** Records shown follows **

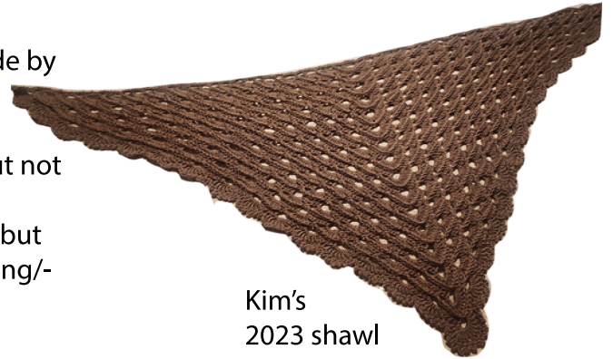
Kim's 2023 shawl

Yarn Type: No specific requirements, but please include a tag/note with washing/-care instructions.
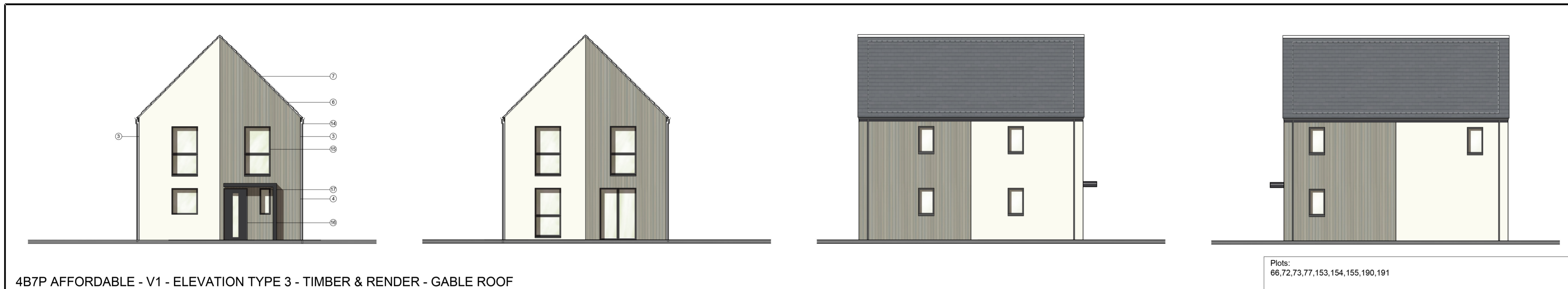
4B7P AFFORDABLE - V1 - ELEVATION TYPE 3 - TIMBER & RENDER - GABLE ROOF
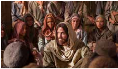
THE ASTONISHMENT – V24
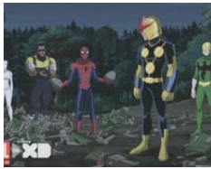
Marvel and Disney XD's Ultimate Spider-Man Sneak Peek
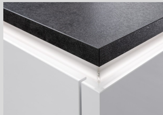
C-Line Sides- doubling
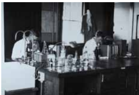
Scientists working at former plant pathology lab circa 1930.
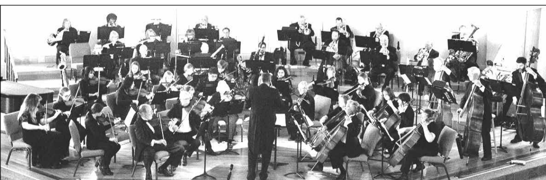
The Pops Concerts will feature music from Hollywood, Broadway and other musicals and will include many favorite melodies that all ages will recognize and enjoy.
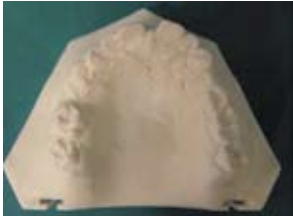
Figure 11a: Pre-treatment study cast: Maxillary arch.
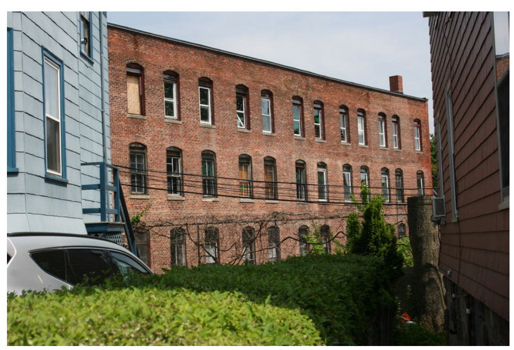
Figure 13. Southeast (courtyard) elevation of Roxbury Hebrew School. May 2022.
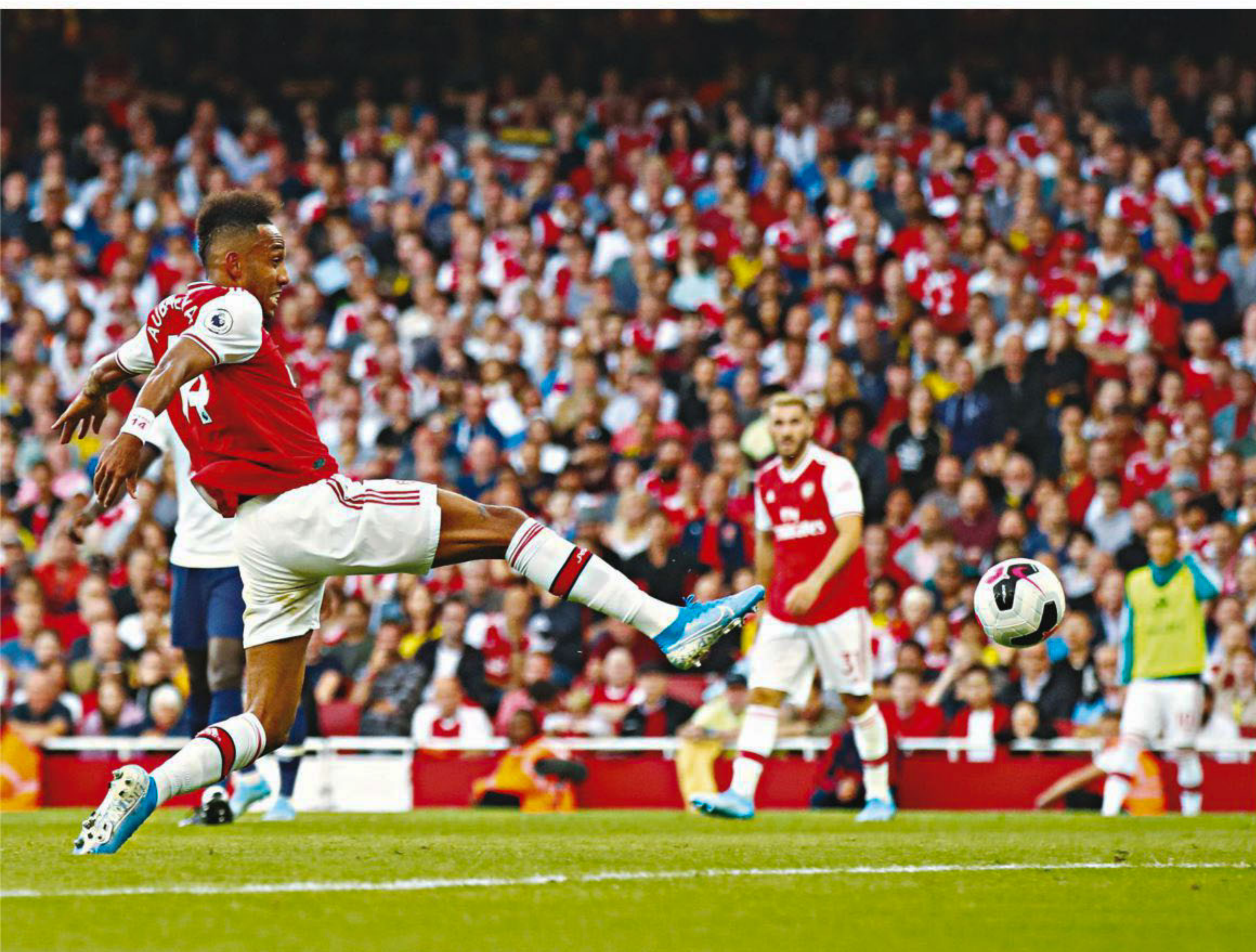
Pierre-Emerick Aubameyang stretches to expertly turn in Matteo Guendouzi's cross and equalise for Arsenal in the 71st minute of the North London Derby. Tottenham had secured a 2-0 lead going into half-time during the Premier League but the points were ultimately shared between the bitter rivals.
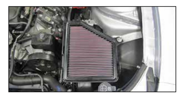
13. Remove the factory air filter and replace with the provided K&N® air filter.

NOTE: Plastic NPT fittings are easy to cross thread. Install the vent fitting "hand" tight, then turn it two complete turns with a wrench.
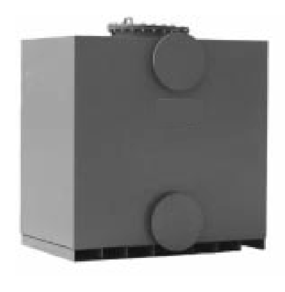
GEE High Flow Carbon Adsorber Design
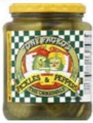
Tony Packo's Pickles & Peppers Originals or Sweet Hots Varieties - 24 oz

** End of Records shown **

Task description: Give the entries again word for word, but skip the pictures.

Task answer:
Kim's 2023 shawl

Yarn Type: No specific requirements, but please include a tag/note with washing/-care instructions.
4B7P AFFORDABLE - V1 - ELEVATION TYPE 3 - TIMBER & RENDER - GABLE ROOF
THE ASTONISHMENT – V24
Marvel and Disney XD's Ultimate Spider-Man Sneak Peek
C-Line Sides- doubling
Scientists working at former plant pathology lab circa 1930.
The Pops Concerts will feature music from Hollywood, Broadway and other musicals and will include many favorite melodies that all ages will recognize and enjoy.
Figure 11a: Pre-treatment study cast: Maxillary arch.
Figure 13. Southeast (courtyard) elevation of Roxbury Hebrew School. May 2022.
Pierre-Emerick Aubameyang stretches to expertly turn in Matteo Guendouzi's cross and equalise for Arsenal in the 71st minute of the North London Derby. Tottenham had secured a 2-0 lead going into half-time during the Premier League but the points were ultimately shared between the bitter rivals.
13. Remove the factory air filter and replace with the provided K&N® air filter.

NOTE: Plastic NPT fittings are easy to cross thread. Install the vent fitting "hand" tight, then turn it two complete turns with a wrench.
GEE High Flow Carbon Adsorber Design
Tony Packo's Pickles & Peppers Originals or Sweet Hots Varieties - 24 oz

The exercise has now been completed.